• Aim of the task: Exactly as written, please repeat the data that follows, but not the pictures.

• Data shown:
#####

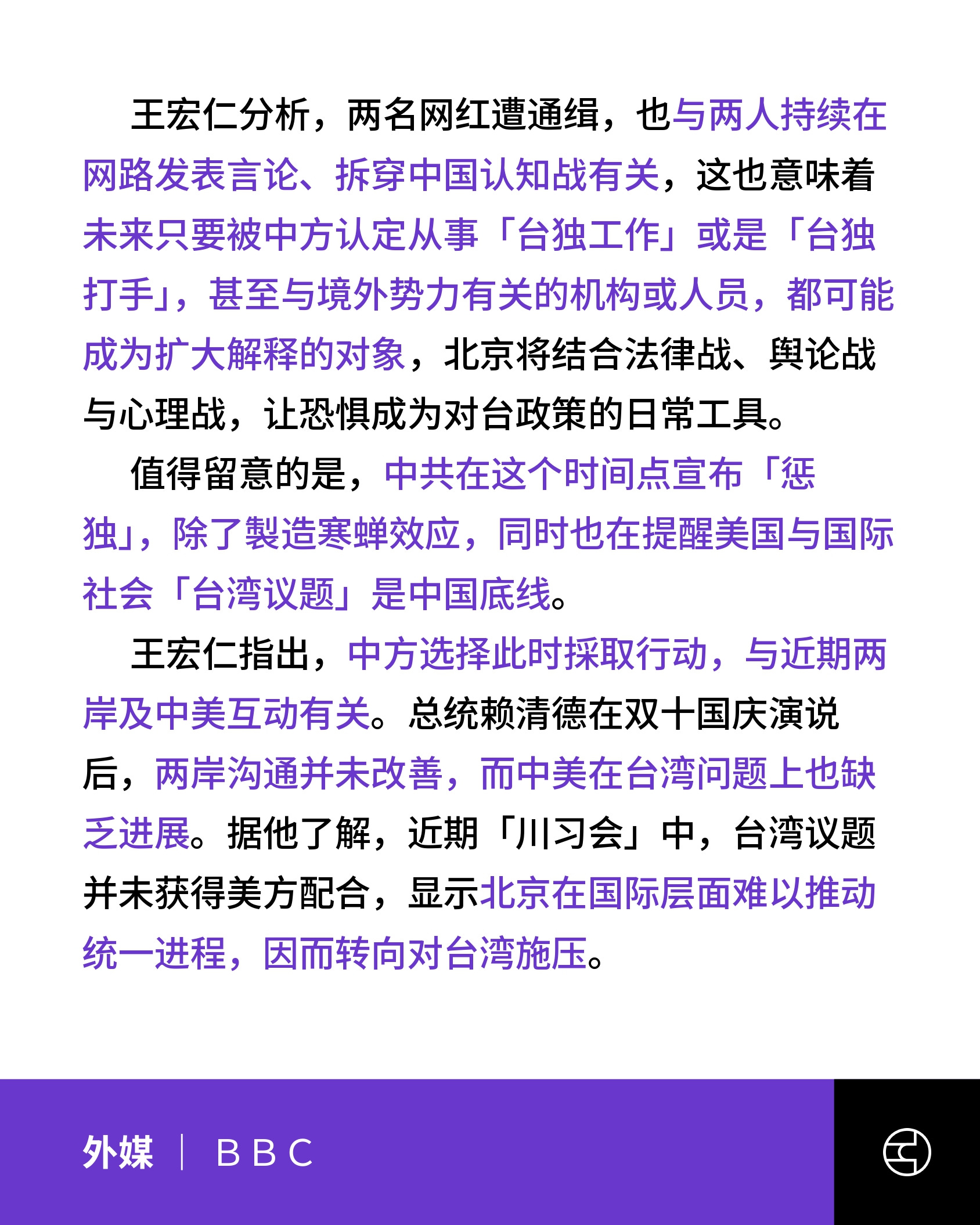 外媒分析认为,此举延续大陆对“台独”个体的追责行动,旨在扩大法律与心理压力,并制造寒蝉效应。当事人回应称“只做我认为对的事”。
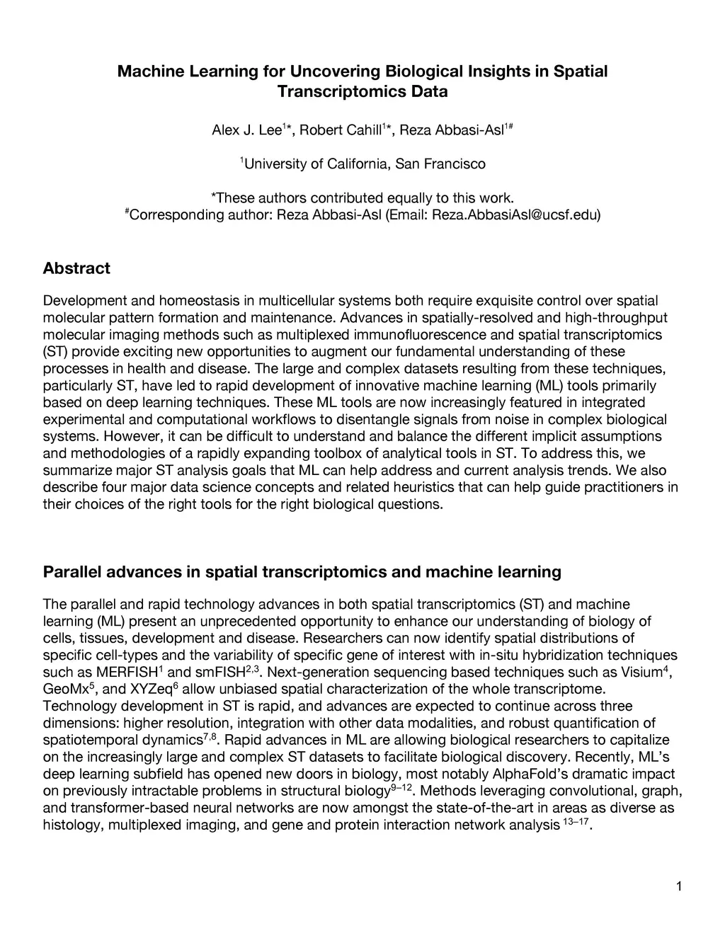Development and homeostasis in multicellular systems both require exquisite control over spatial molecular pattern formation and maintenance. Advances in spatially-resolved and high-throughput molecular imaging methods such as multiplexed immunofluorescence and spatial transcriptomics (ST) provide exciting new opportunities to augment our fundamental understanding of these processes in health and disease. The large and complex datasets resulting from these techniques, particularly ST, have led to rapid development of innovative machine learning (ML) tools primarily based on deep learning techniques. These ML tools are now increasingly featured in integrated experimental and computational workflows to disentangle signals from noise in complex biological systems. However, it can be difficult to understand and balance the different implicit assumptions and methodologies of a rapidly expanding toolbox of analytical tools in ST. To address this, we summarize major ST analysis goals that ML can help address and current analysis trends. We also describe four major data science concepts and related heuristics that can help guide practitioners in their choices of the right tools for the right biological questions.
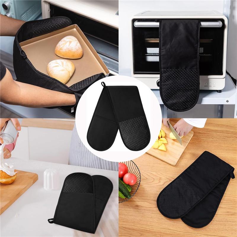 【Идеальный размер】 Вы получите 1 рукавицы для выпечки.. Его размер 18×84 см.. Полезный для повседневной выпечки, идеальный черный кухонный аксессуар для вашего дома..
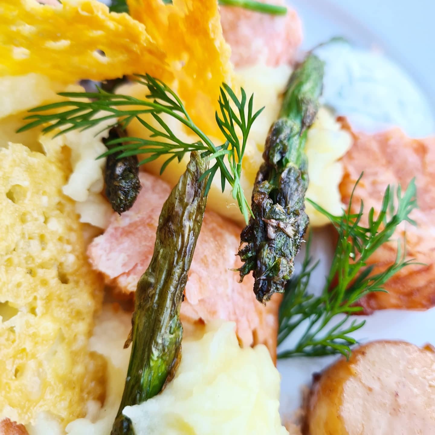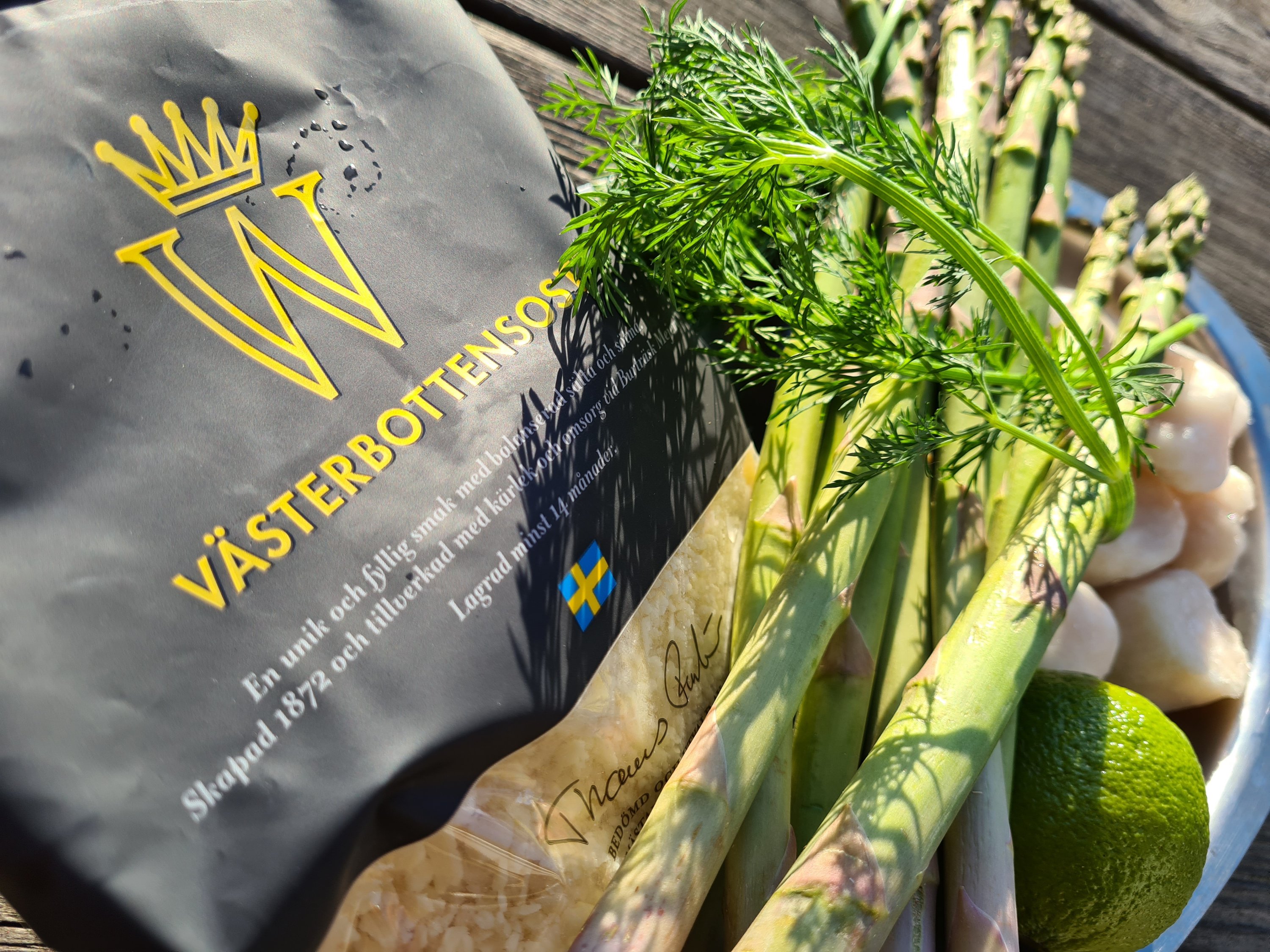 Mera än så behövs inte. Bryner på smör och ner med förkokt sparris, salta. Pressa ner lime, vitvinsvinäger, salt och dill som du rör ner i ej laktosfri ceme fraiche. Smaka av och tillsätt det som du tycker saknas. Innan servering öser du på med västerbottensost på ett smörpapper och kör in i ugnen tills du ser en brungyllene färg.

#####

• Result for this task:
 外媒分析认为,此举延续大陆对“台独”个体的追责行动,旨在扩大法律与心理压力,并制造寒蝉效应。当事人回应称“只做我认为对的事”。
Development and homeostasis in multicellular systems both require exquisite control over spatial molecular pattern formation and maintenance. Advances in spatially-resolved and high-throughput molecular imaging methods such as multiplexed immunofluorescence and spatial transcriptomics (ST) provide exciting new opportunities to augment our fundamental understanding of these processes in health and disease. The large and complex datasets resulting from these techniques, particularly ST, have led to rapid development of innovative machine learning (ML) tools primarily based on deep learning techniques. These ML tools are now increasingly featured in integrated experimental and computational workflows to disentangle signals from noise in complex biological systems. However, it can be difficult to understand and balance the different implicit assumptions and methodologies of a rapidly expanding toolbox of analytical tools in ST. To address this, we summarize major ST analysis goals that ML can help address and current analysis trends. We also describe four major data science concepts and related heuristics that can help guide practitioners in their choices of the right tools for the right biological questions.
 【Идеальный размер】 Вы получите 1 рукавицы для выпечки.. Его размер 18×84 см.. Полезный для повседневной выпечки, идеальный черный кухонный аксессуар для вашего дома..
 Mera än så behövs inte. Bryner på smör och ner med förkokt sparris, salta. Pressa ner lime, vitvinsvinäger, salt och dill som du rör ner i ej laktosfri ceme fraiche. Smaka av och tillsätt det som du tycker saknas. Innan servering öser du på med västerbottensost på ett smörpapper och kör in i ugnen tills du ser en brungyllene färg.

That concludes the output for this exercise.